4.4 filterBAM

Writing reads that pass filters to BAM file

filterBAM filters BAM files and produces a filtered BAM file along with index. See Filter parameters for all possible filter methods along with their respective default settings. Counts of all removed reads are printed to the terminal as well after filtering.

4.4.1 Input

Required inputs :

--bam Input_bam_file.bam Input bam file

Optional inputs :

--pmd Input_PMD.txt post-mortem damage parameters (see PMD for generating such a file)
--recal recal.txt quality score recalibration file (see recal for further information)

Specific Parameters :

--outQual integer_1,integer_2 to constrain the quality scores to the indicated range (inclusive) when writing alignments. Default = uses the full range of quality scores when writing alignments.
--writeBinnedQualities To write Illumina-binned quality scores. Default = Will write raw quality scores
--acceptedDistance integer_value To specify distance up-to which mates will not be considered orphans. Default = 2000 bp.
--keepOrphans To keep orphaned reads. Default = Will filter out orphaned reads.
--removeSoftClippedBases To remove all softclipped bases.
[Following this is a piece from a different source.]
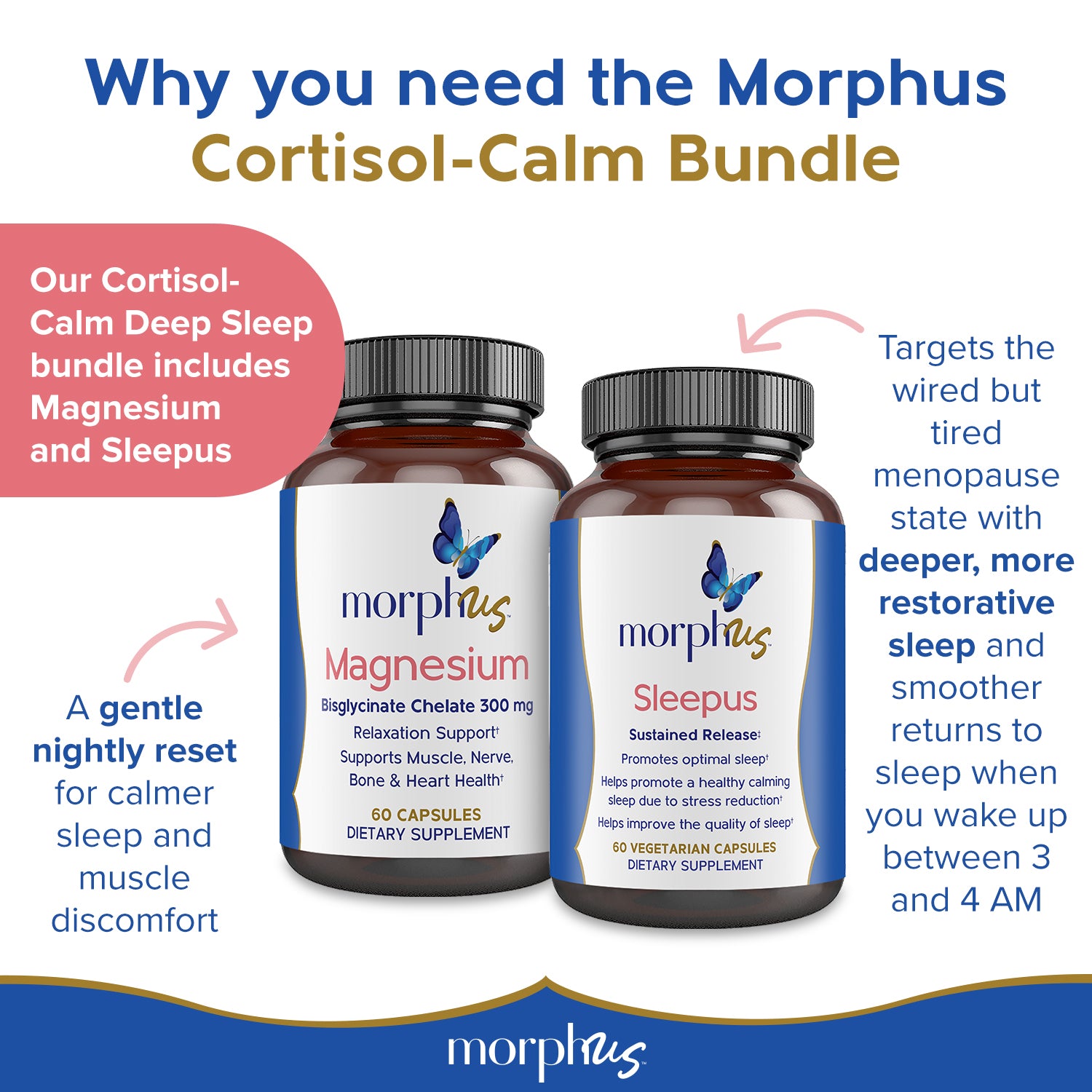 Menopause insomnia? Stressed? Enter the Cortisol-Calm Deep Sleep Bundle. Featuring magnesium for relaxation, L-theanine to quiet your mind, Lactium for stress management, and melatonin to promote restful sleep, our bundle helps you achieve uninterrupted, restorative sleep.
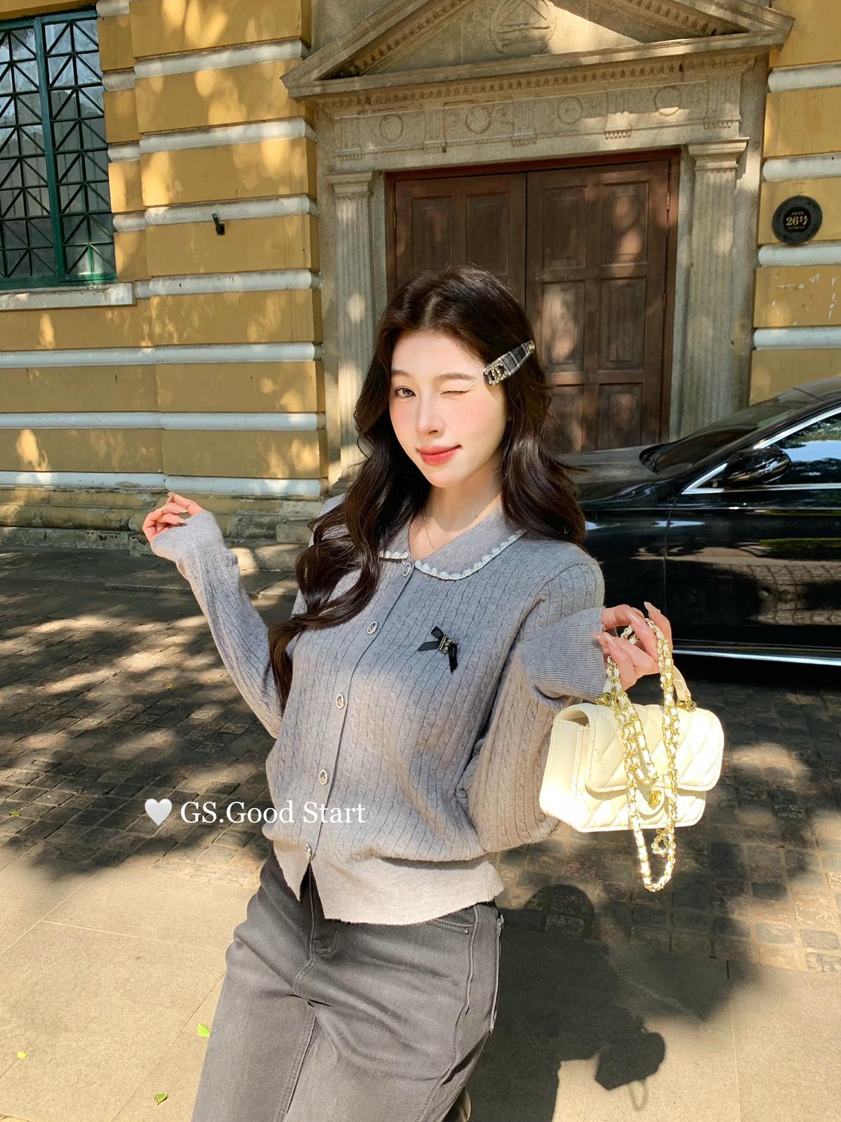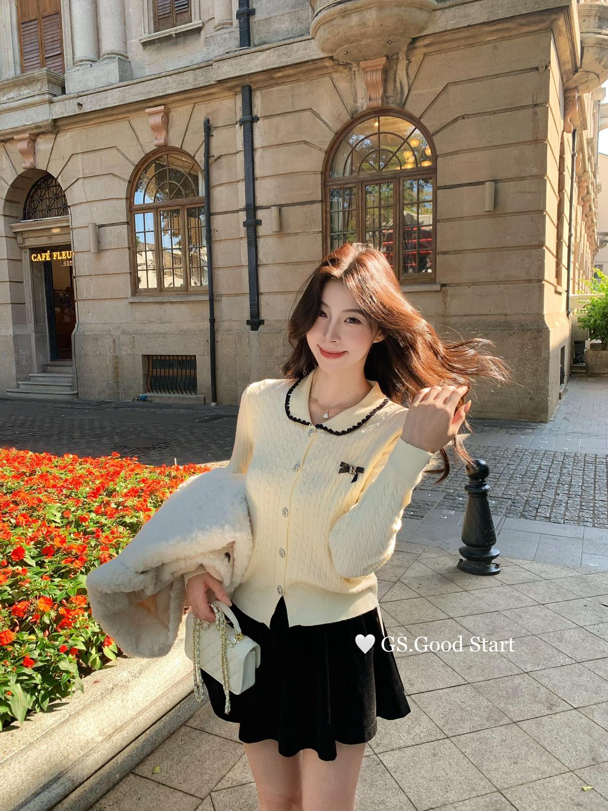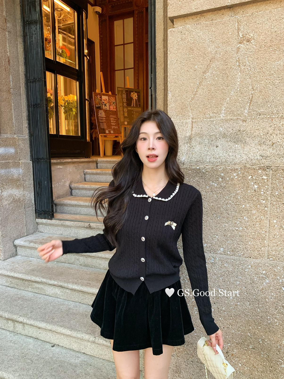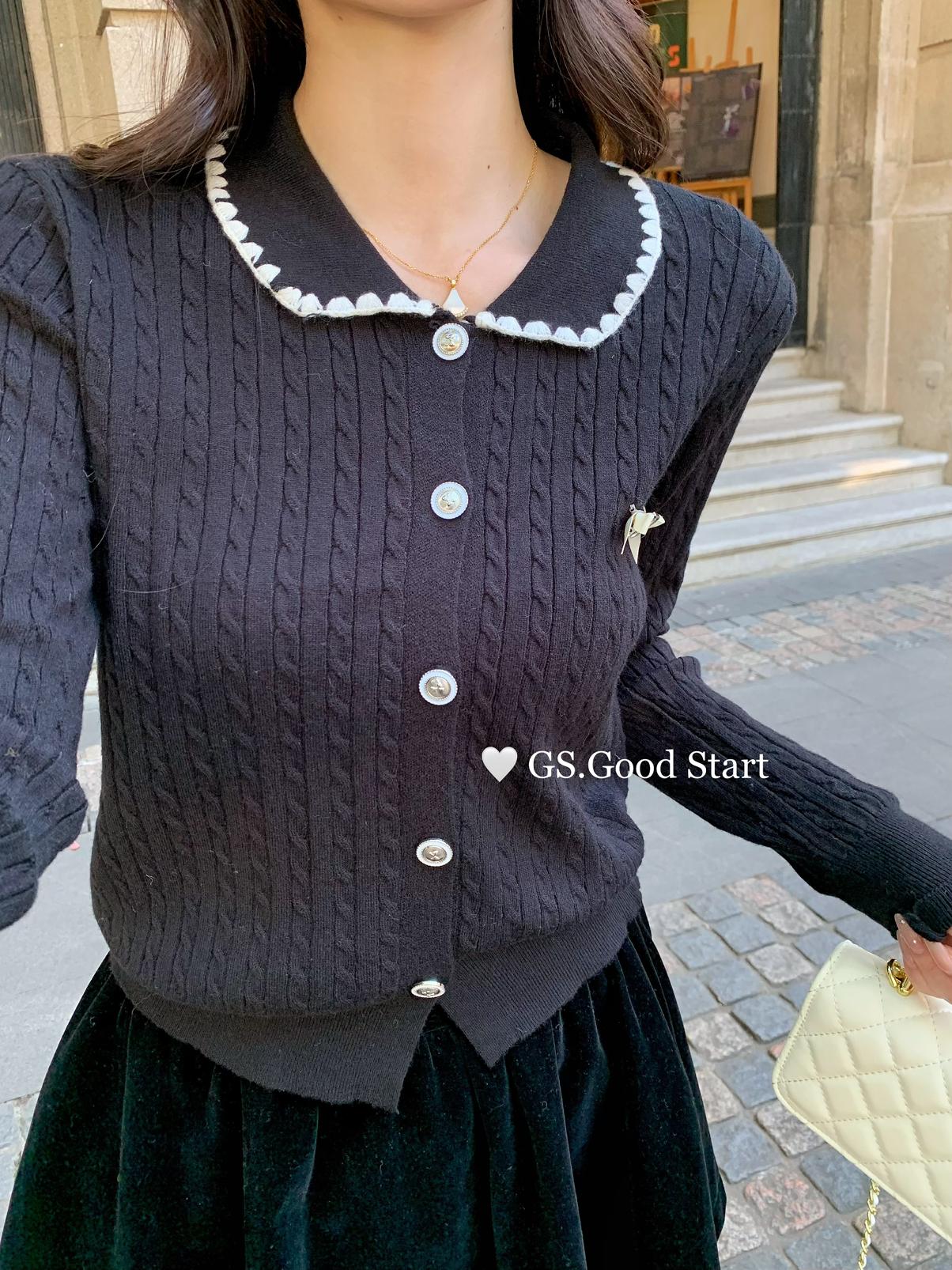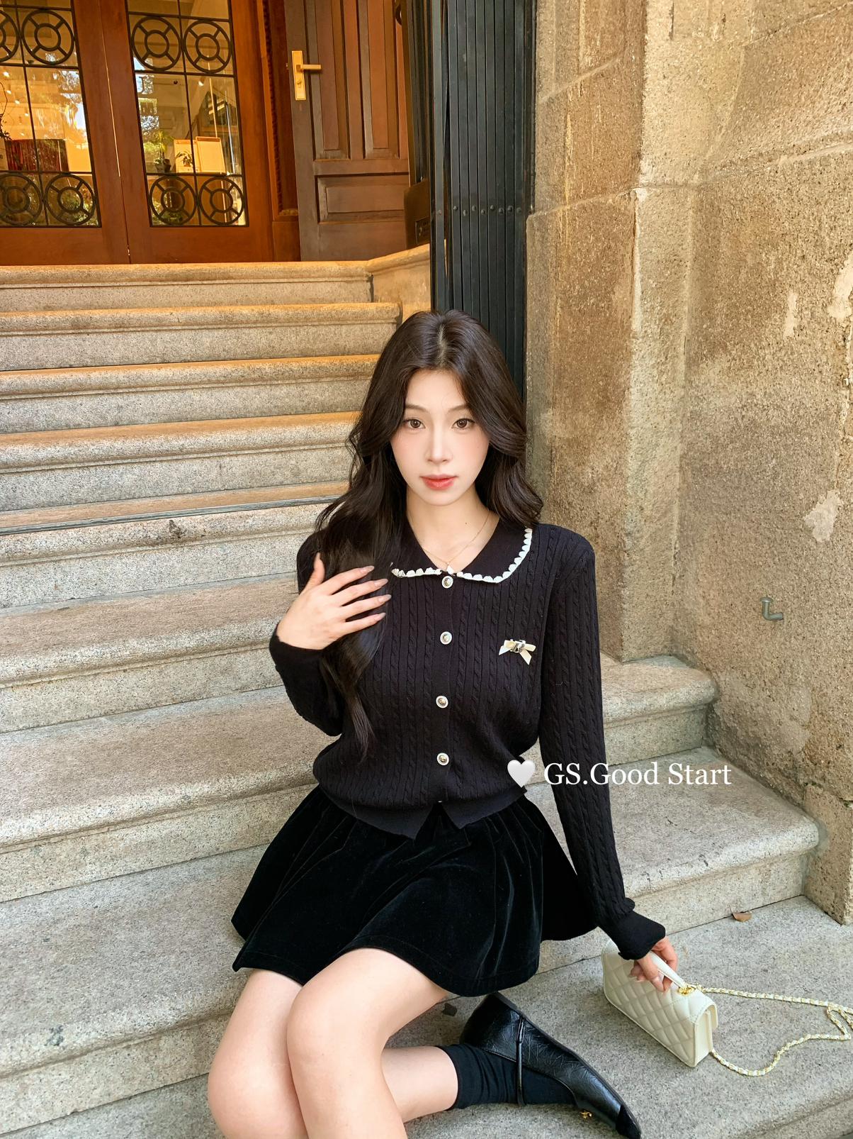 【C8009】香系乖乖千金~三色主推!閉眼入!冬法式氣質復古蝴蝶結針織小衫(配可拆卸別針)

Default = Will not remove softclipped bases.

Note: If both outQual and writeBinnedQualities are given, qualities will be truncated first, then binned, and may thus fall outside the requested range.

  • See Filter parameters to apply specific filters for bases, reads and parsing window setting.

Engine parameters that are common to all tasks can be found here.

4.4.2 Output

*.bam.bai BAM index file
*_filterSummary.txt .txt file with list of all applied filters, along with counts of removed reads.
*__filtered.bam Filtered BAM file.
*_filtered.bam.bai Index for filtered BAM file.

4.4.3 Usage Example

#! /bin/bash

. $(dirname $0)/find_atlas
. $(dirname $0)/simulate --type HW --F 0.1 --fixedSeed 99 \
  --sampleSize 19 --chrLength 1111 --fracPoly 1.0 \
  --alpha 2.0 --beta 2.0 --seqType paired --seqCycles 101

echo "chr1  0   1000" > bed.bed
echo "chr2  100 800" >> bed.bed
echo "chr3  600 760" >> bed.bed

out="filterBAM_0"
$atlas --task filterBAM --dryRun \
           --bam simulate_ind1.bam --regions bed.bed \
           --fixedSeed 91 --out $out --logFile $out.out 2> $out.eout

out="filterBAM_1"
$atlas --task filterBAM --dryRun \
       --bam simulate_ind1.bam --mask bed.bed --maskPorosity 0.1 \
       --fixedSeed 91 --out $out --logFile $out.out 2> $out.eout

for i in {2..19}; do
    samtools view simulate_ind$i.bam | head -250 | tail -10 | cut -f1 \
           > blacklist_$i.txt
    u=$(echo "$i*5" | bc)
    out="filterBAM_$i"
    $atlas --task filterBAM --bam simulate_ind$i.bam \
           --filterMQ 0,$u --blacklist blacklist_$i.txt --filterReadLength 0,$u \
           --filterFragmentLength 0,$u --filterSoftClips "0.$i" \
           --fixedSeed 1$i --out $out --logFile $out.out 2> $out.eout
done